Okay, so I stayed on my normal sleep schedule which meant everyone went to bed and I stayed up until 6am like I normally do. Usually I would just mess around on the internet. But our internet and cable got turned off when we left the old place and the new service wasn't installed until Monday. Also the video game systems are still packed up. So, basically, I was alone with nothing to do for hours. Each night I did have random chores I could do that wouldn't make too much noise but they would only take me to about midnight, maybe 1am (one of the nights I actually did have more to do because of my sister. I'll explain next paragraph). After that, I would find random things to do (write or play ds games mostly) but it's very hard for me to keep my attention on something for a long period of time so these didn't last long.

Also, my sister (who will probably be reading this so please don't get mad at me for this rant. I really need to get this out) and I had a few fights as well. We're going to be sharing a room which actually doesn't bother me (she thinks we're going to end up killing each other and at this point we might not even get in the room before that happens). Anyway, I couldn't care less what the room looks like. I just want to move into it. But she wanted to paint the room to make it more personal I guess (the walls were white. I was just going to put posters up). I orginally said that I didn't care. She could do whatever she wanted as long as the walls aren't pink. Apparently she took that to heart because the room is still being painted.
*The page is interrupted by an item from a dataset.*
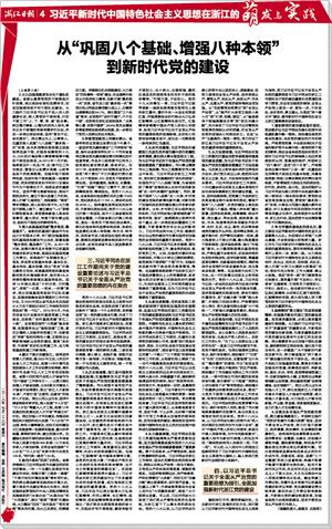 1.鲜明提出“巩固八个基础、增强八种本领,加强党对经济社会发展全面领导”。加强党的长期执政能力建设,是把我们党锻造成为中国特色社会主义坚强领导核心的现实要求。党的十六大提出了加强党的执政能力建设的战略任务,党的十六届四中全会又对此进行了专门部署。在这个重大问题上,习近平同志有着深入系统的思考。他指出:“改革开放以来,我省经济社会发展之所以能取得巨大成就,最根本的就是围绕‘中心’,强化‘核心’,充分发挥党的领导核心作用。”省委十一届四次全会在部署实施“八八战略”的同时,作出进一步加强和改进党的建设的决定。在2004年10月召开的省委十一届七次全会上,习近平同志进一步指出,党的执政能力建设有其自身的内涵和要求,但最终还是要体现在经济、政治、文化、社会的发展上,体现在党的各项建设上。这次全会审议通过切实加强党的执政能力建设的意见,就巩固党执政的八个基础、增强党执政的八种本领作出重大部署:即致力于巩固党执政的思想基础,加强理论武装和党对意识形态工作的领导,不断增强用发展着的马克思主义指导新实践的本领;致力于巩固党执政的经济基础,全面推进经济强省建设,不断增强驾驭社会主义市场经济的本领;致力于巩固党执政的政治基础,全面推进法治社会建设,不断增强发展社会主义民主政治的本领;致力于巩固党执政的文化基础,全面推进文化大省建设,不断增强建设社会主义先进文化的本领;致力于巩固党执政的社会基础,全面推进平安浙江建设,不断增强构建社会主义和谐社会的本领;致力于巩固党执政的体制基础,健全和完善党的领导制度和领导方式,不断增强地方党委总揽全局、协调各方的本领;致力于巩固党执政的组织基础,加强干部队伍建设和基层组织建设,不断增强自身素质和团结带领广大群众干事业的本领;致力于巩固党执政的群众基础,密切党同人民群众的血肉联系,不断增强拒腐防变和抵御风险的本领。这一重大部署,着眼伟大工程与伟大事业的内在联系,切准关键点和着力点,为浙江党的建设奠定了重要基石。习近平同志十分注重强化党总揽全局、协调各方的领导核心作用,推动健全完善了“一个核心”“三个党组”的领导体制和工作机制,有力强化了党委把方向、谋全局、议大事、管干部、抓人才的职能,从体制机制上保证了党委领导核心作用的充分发挥,推动党的全面领导落实落地。
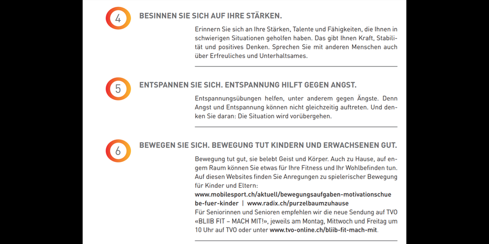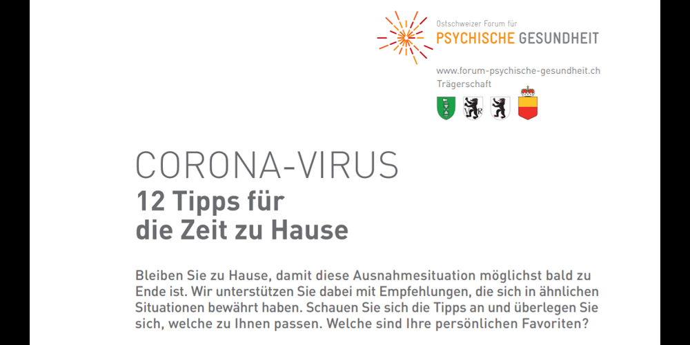 Das Ostschweizer Forum für psychische Gesundheit, getragen unter anderem vom Kanton Appenzell Ausserrhoden, hat deshalb eine Liste mit 12 Tipps erarbeitet. Sie finden diese anbei. Bitte schauen Sie die Tipps an. Diskutieren Sie sie in der Familie oder mit Nachbarn und überlegen Sie, was Ihnen in Ihrer persönlichen Lage weiterhilft.

She had wanted to do one thing but since she hadn't even started that by the time mom and dad finished what they wanted to paint (which they finished before the weekend because our actual move in day was two weekends ago) then she had to pick something simpler which turned out not to be so simple mainly because it was a design that had to be measured and taped out (Which she asked me to measure and tape out and I did because I new she didn't completely understand how it needed to be taped to get what she wanted. I actually think her first idea would have been easier). Why she couldn't just paint the damn walls one color and be done with it is beyond me. It would have been so much easier and we would be moving our stuff in the room by now. Right now I'd just be happy to be able to put our new dresser together so I don't have to keep living out of a suitcase in the living room. The newest estimated move in time I got from her is Friday and I accepted for lack of a choice.

There's a lot more that happened but I'm not going to go into it right now. Most of this I'm really not mad about anymore only because depression about the whole situation is kind of taking over. I feel so stressed and overwelmed right now and I think it's starting to effect my heath as well. I really don't know what to do anymore. I just feel like I need to get back some sort of normal before I completely breakdown and can't pull it together like I've been doing.